| INFORMATION PROVIDED |
------

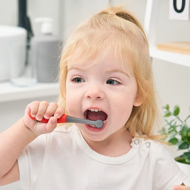 - A escova de dentes de silicone infantil pode ser lavada na máquina de lavar loiça e refrescada no congelador.
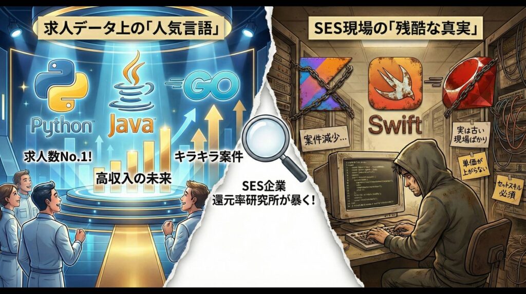 転職サイトの求人数ランキングを見れば、どの言語が人気かは一目瞭然です。しかし、SESの現場で実際に働いているエンジニアなら気づいているはずです。「ランキング上位の言語なのに、なぜか高単価な案件が回ってこない」「人気と聞いたのに、現場は古いシステムばかりだ」—と。
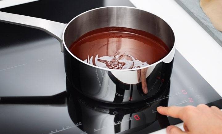 1Rozpusťte čokoláduRozpusťte ½ šálku kvalitní hořké čokolády na indukční varné desce. Zahřívejte na nízký výkon, dokud není čokoláda zcela hladká.
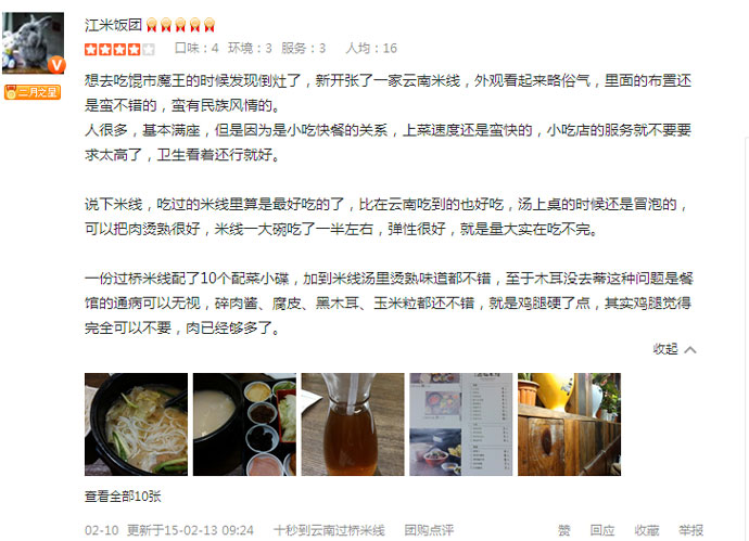 作為一名資深吃貨,也算是吃米線無數,但是卻從未遇到一家極具品質的米線店。說到品質,包括菜色、服務、環境等。但是自從2014年與“十秒到云南過橋米線”相遇,本吃貨實在忍不住肚內的饞蟲,算是深深依賴上她了!大家都說好,才是真的好,看!有圖有真相!

------

Please write out exactly the lines from the one holding "転職サイトの求人数ランキング" through the last line of the material above, both included, as a copy without pictures.

| COMPLETED EXERCISE |
 転職サイトの求人数ランキングを見れば、どの言語が人気かは一目瞭然です。しかし、SESの現場で実際に働いているエンジニアなら気づいているはずです。「ランキング上位の言語なのに、なぜか高単価な案件が回ってこない」「人気と聞いたのに、現場は古いシステムばかりだ」—と。
 1Rozpusťte čokoláduRozpusťte ½ šálku kvalitní hořké čokolády na indukční varné desce. Zahřívejte na nízký výkon, dokud není čokoláda zcela hladká.
 作為一名資深吃貨,也算是吃米線無數,但是卻從未遇到一家極具品質的米線店。說到品質,包括菜色、服務、環境等。但是自從2014年與“十秒到云南過橋米線”相遇,本吃貨實在忍不住肚內的饞蟲,算是深深依賴上她了!大家都說好,才是真的好,看!有圖有真相!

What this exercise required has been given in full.